## TASK DETAILS:
Take the material below and extract the lines from the one with "近日,嘉峪關(guān)機場" through the one with "Oud dressoir. Wit", word for word, without pictures.

## PROVIDED RECORDS:
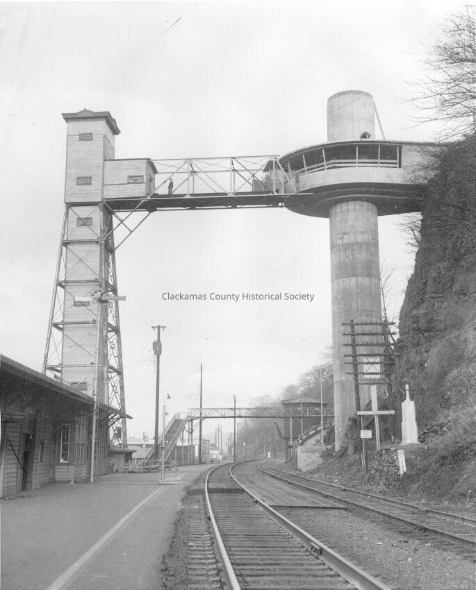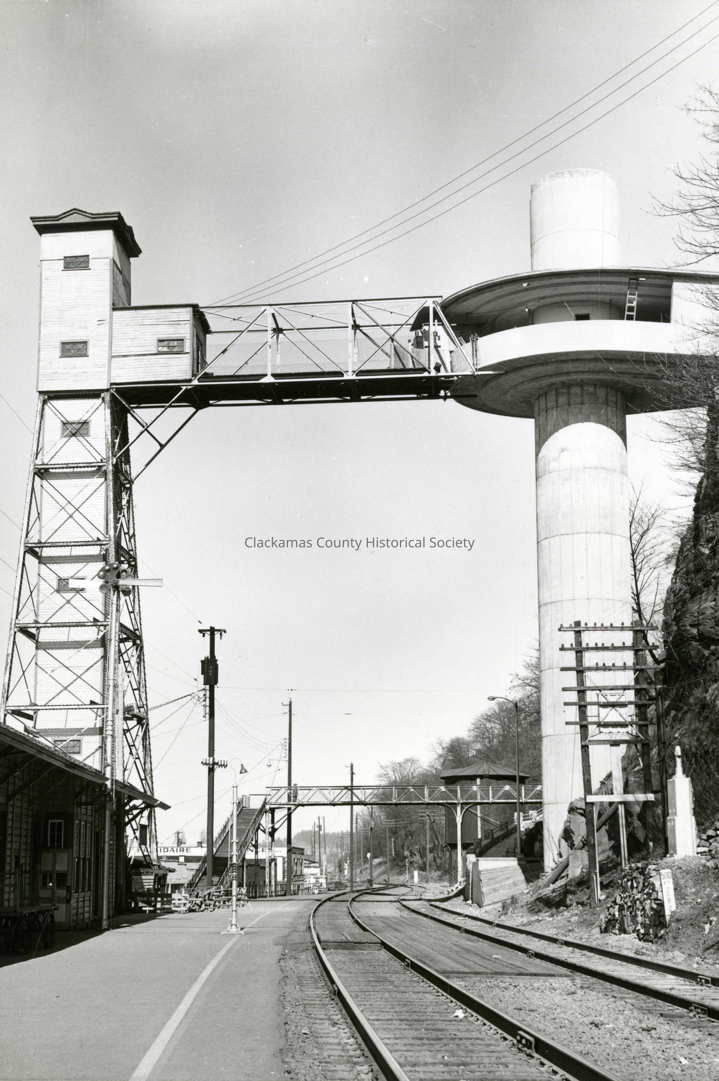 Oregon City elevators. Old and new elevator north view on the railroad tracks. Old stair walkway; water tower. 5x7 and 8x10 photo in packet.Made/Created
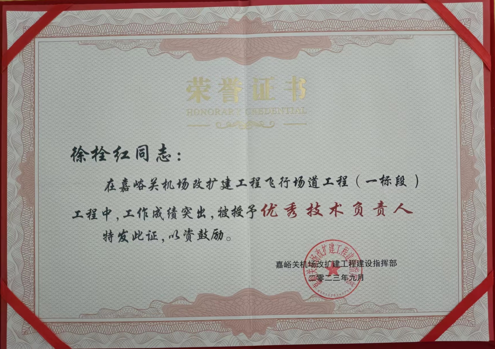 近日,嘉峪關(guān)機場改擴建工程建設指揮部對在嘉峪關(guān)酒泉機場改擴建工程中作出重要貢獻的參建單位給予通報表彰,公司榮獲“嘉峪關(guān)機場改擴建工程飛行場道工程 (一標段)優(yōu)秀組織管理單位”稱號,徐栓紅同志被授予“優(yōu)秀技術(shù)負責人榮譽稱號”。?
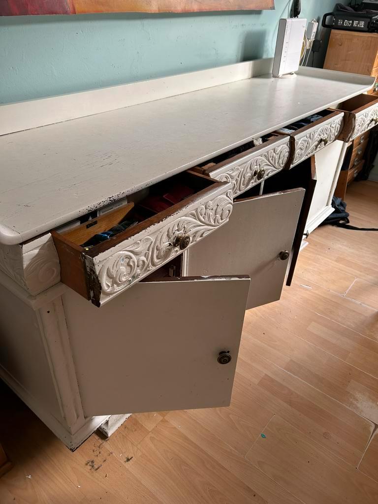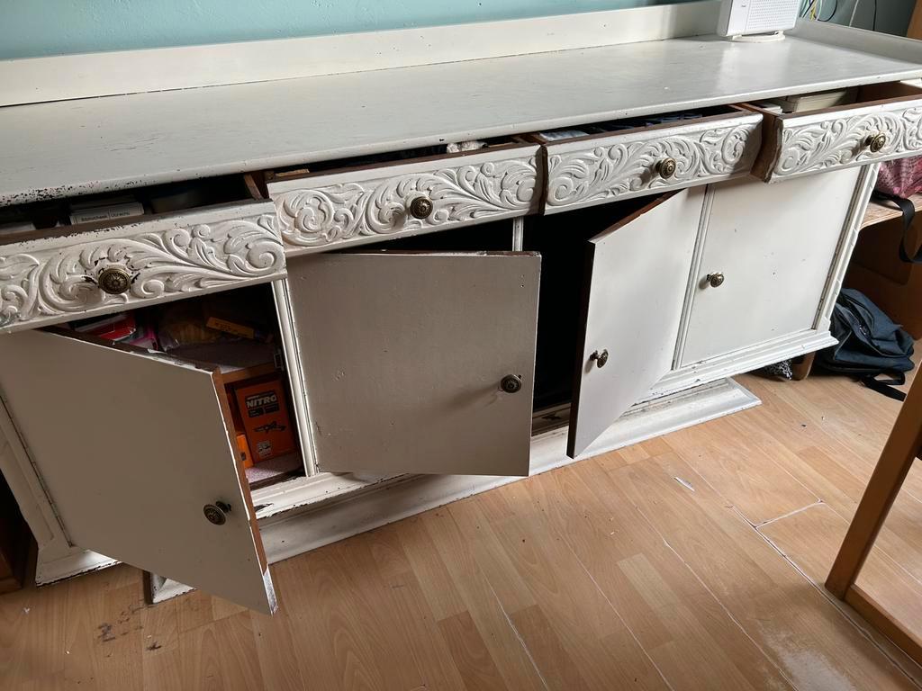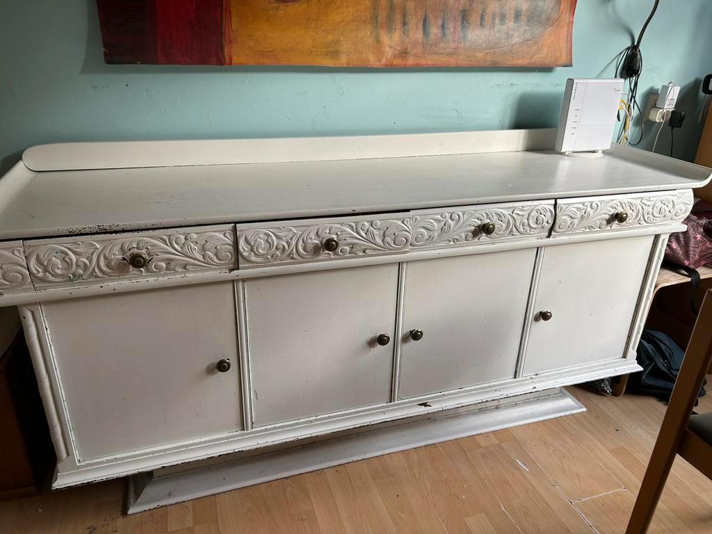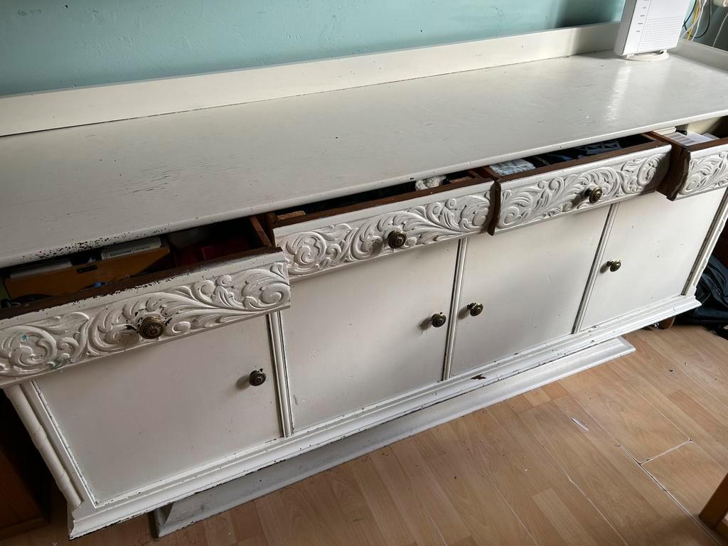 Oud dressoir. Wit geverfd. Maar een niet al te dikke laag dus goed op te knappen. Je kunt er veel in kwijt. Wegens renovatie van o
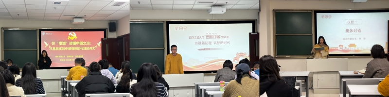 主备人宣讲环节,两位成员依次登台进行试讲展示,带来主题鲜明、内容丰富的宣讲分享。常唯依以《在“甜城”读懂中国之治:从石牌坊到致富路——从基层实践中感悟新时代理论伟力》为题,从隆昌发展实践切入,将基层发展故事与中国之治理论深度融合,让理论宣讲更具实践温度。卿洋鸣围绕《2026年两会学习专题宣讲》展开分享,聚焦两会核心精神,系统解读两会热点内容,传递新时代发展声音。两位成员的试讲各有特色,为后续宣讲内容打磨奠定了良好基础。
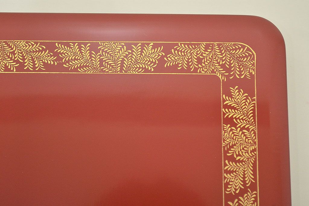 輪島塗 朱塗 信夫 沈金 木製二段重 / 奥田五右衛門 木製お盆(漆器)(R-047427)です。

## TASK RESULT:
 近日,嘉峪關(guān)機場改擴建工程建設指揮部對在嘉峪關(guān)酒泉機場改擴建工程中作出重要貢獻的參建單位給予通報表彰,公司榮獲“嘉峪關(guān)機場改擴建工程飛行場道工程 (一標段)優(yōu)秀組織管理單位”稱號,徐栓紅同志被授予“優(yōu)秀技術(shù)負責人榮譽稱號”。?
 Oud dressoir. Wit geverfd. Maar een niet al te dikke laag dus goed op te knappen. Je kunt er veel in kwijt. Wegens renovatie van o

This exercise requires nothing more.